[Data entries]
——————————

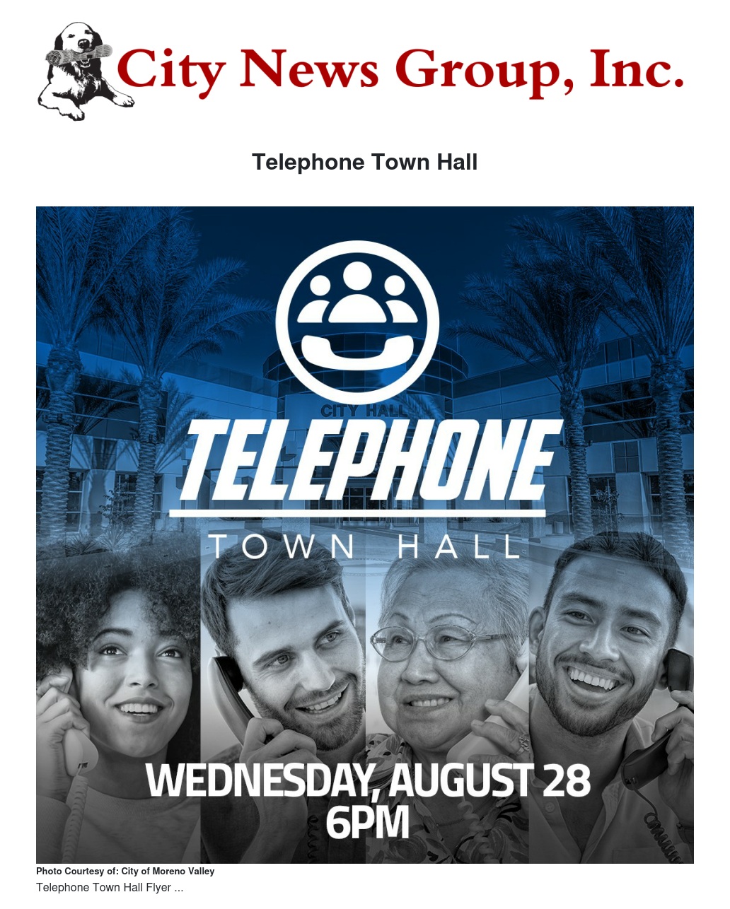 We have so many great things happening in our city, and we want you to be a part of the conversation. That’s why I'm excited to invite you to our upcoming Telephone Town Hall Meeting on Wednesday, August 28, at 6:00 p.m.
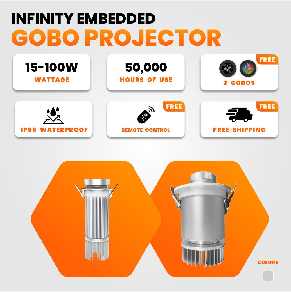 The Embedded Outdoor Waterproof Gobo Projector – 15W–100W combines subtle design with professional performance. Built for flush wall installation, it integrates seamlessly into walls, blending with architecture while delivering powerful branding.
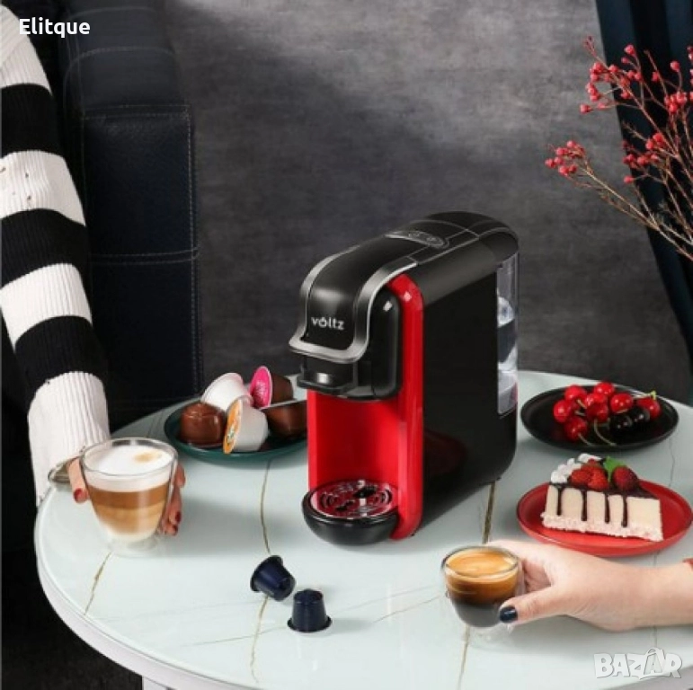 Кафемашина 8в1 "Поддържа всички капусли" Voltz 19 бара/ 1650W, черно с червено, 2 ГОДИНИ ГАРАНЦИЯ
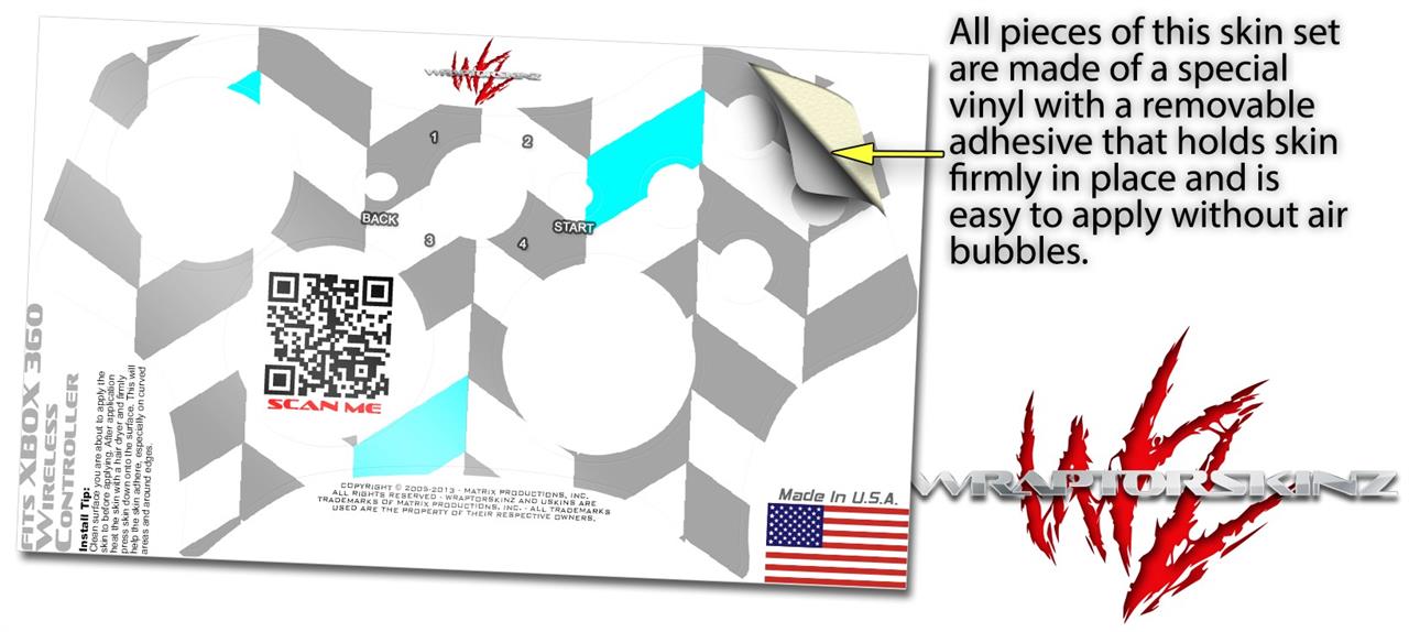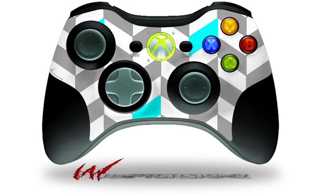 XBOX 360 Wireless Controller Decal Style Skin - Chevrons Gray And Aqua (CONTROLLER NOT INCLUDED)
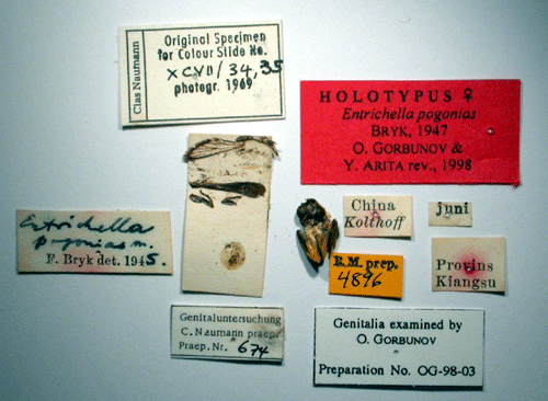 ![]() Entrichella pogonias Bryk, 1947. Reference: Bryk, F. 1947, Neue ostasiatiche Aegeriiden (Lep.). Mit einer Abbildung. - Opuscula Entomologica Band XII, Berlingska Boktryckeriet, Lund. 96 - 109 pp. Return to species-list. |
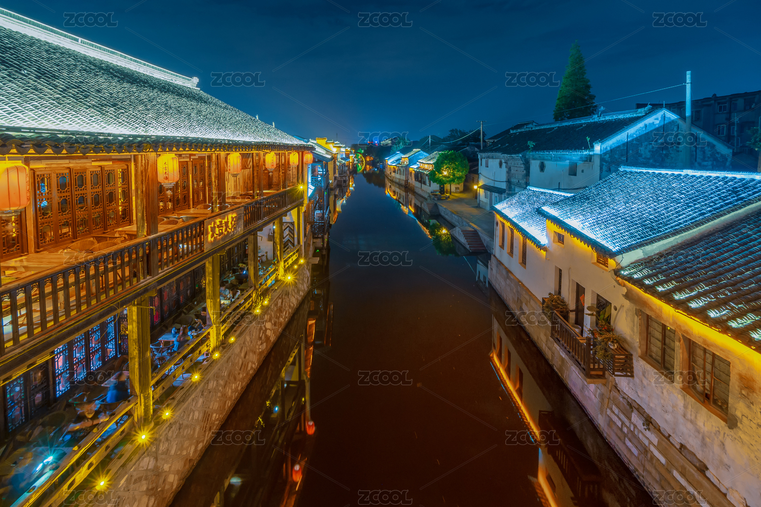 江南水乡湖州南浔古镇百间楼民居群夜景
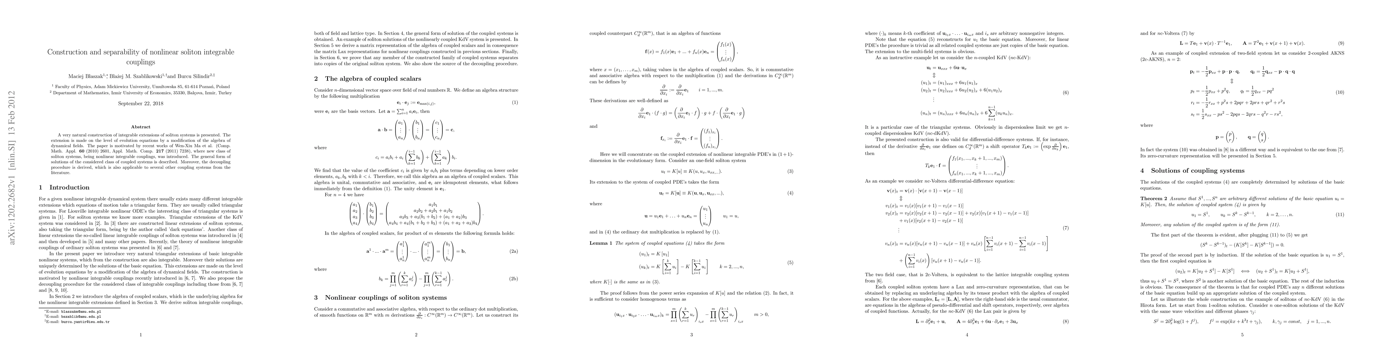 A very natural construction of integrable extensions of soliton systems is presented. The extension is made on the level of evolution equations by a modification of the algebra of dynamical fields. The paper is motivated by recent works of Wen-Xiu Ma et al. (Comp. Math. Appl. 60 (2010) 2601, Appl. Math. Comp. 217 (2011) 7238), where new class of soliton systems, being nonlinear integrable couplings, was introduced. The general form of solutions of the considered class of coupled systems is described. Moreover, the decoupling procedure is derived, which is also applicable to several other coupling systems from the literature.

——————————

EXERCISE:
Would you restate word for word only the lines from the line with "江南水乡湖州南浔古镇百间楼民居群夜景" to the last line above, with the pictures left out?

EXERCISE RESPONSE:
 江南水乡湖州南浔古镇百间楼民居群夜景
 A very natural construction of integrable extensions of soliton systems is presented. The extension is made on the level of evolution equations by a modification of the algebra of dynamical fields. The paper is motivated by recent works of Wen-Xiu Ma et al. (Comp. Math. Appl. 60 (2010) 2601, Appl. Math. Comp. 217 (2011) 7238), where new class of soliton systems, being nonlinear integrable couplings, was introduced. The general form of solutions of the considered class of coupled systems is described. Moreover, the decoupling procedure is derived, which is also applicable to several other coupling systems from the literature.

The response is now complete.